Adversaries can use Valid Accounts to access a service that accepts remote connections (telnet, SSH and VNC, SMB). The adversary can then perform actions as the logged in user.

Tactic: Collection

“Collection” techniques ( Collection [TA0009] ) are those activities conducted by the adversary for the collection of information and data. Activities carried out post-compromise to obtain information (passwords, strategic data, etc.).

Techniques examples:
Screen Capture

Opponents perform Screen Capture to obtain screenshots of the screen. Technique used to spy on the victim’s operations.

Audio Capture

Adversaries perform audio recording of the victim’s device to listen to conversations.

Final Stage

Tactic: Command & Control

“Command & Control” techniques ( Command & Control [TA0011] ) concern the communication methods implemented by the adversary for remote control of the compromised system. In this way the adversary transmits commands to the victim system.

Techniques examples:
Remote Access Software

Adversaries exploit legitimate third-party software for remote access (Team Viewer, LogMeIn, AmmyyAdmin, etc.).

Application Protocl

Adversaries use application protocols for transmitting commands to the victim system such as Web, MAIL, and DNS protocols.

Tactic: Exfiltration

“Exfiltration” techniques ( Exfiltration [TA0010] ) are those activities conducted by the adversary to extract data or information from the victim system.

Exfiltration consists of techniques that adversaries can use to steal data from the network. Techniques for extracting data from a target network include transfer through the command and control channel.

Techniques examples:
Exfiltration trough C2

Adversaries exfiltrate information using the same communication channel used to send commands to the system (Command and Control).

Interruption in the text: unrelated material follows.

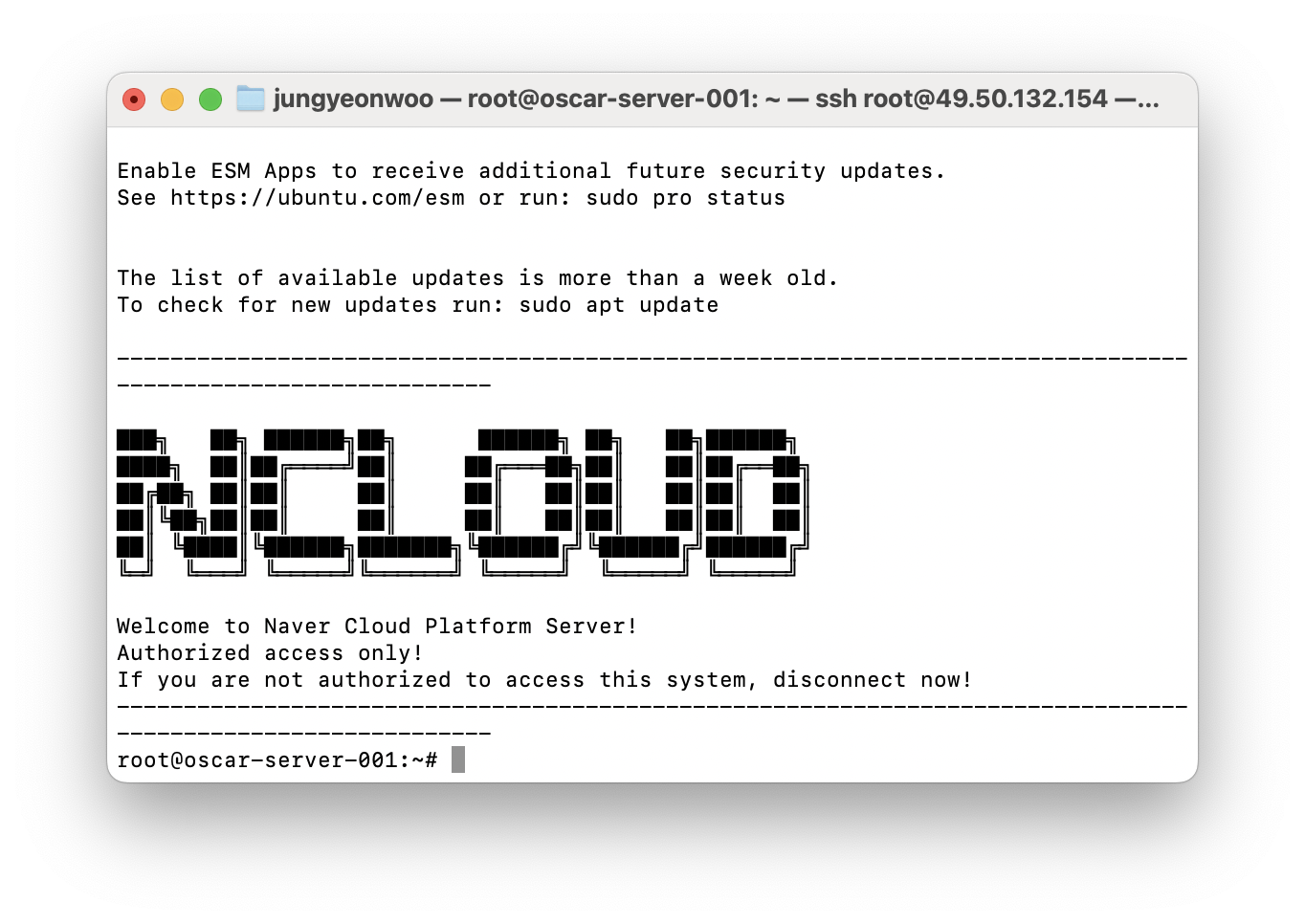 사용하고 있는 원격접속 프로그램(mac의 경우 터미널의 ssh, 윈도우의 경우 putty 등)으로 서버에 접속한다.

Exfiltration trough cloud account

Adversaries exfiltrate data through the use of cloud accounts and services.

Tactic: Impact

“Impact” techniques ( Impact [TA0040] ) are those activities carried out by adversaries to manipulate, interrupt or destroy systems or data (as in the Ransomware case).

Techniques examples:
Data Encryption

Adversaries can encrypt data on target systems to disrupt the availability of system and network resources.


Adversaries can modify the visual content available internally or externally to a corporate network (typically websites and hacktivism).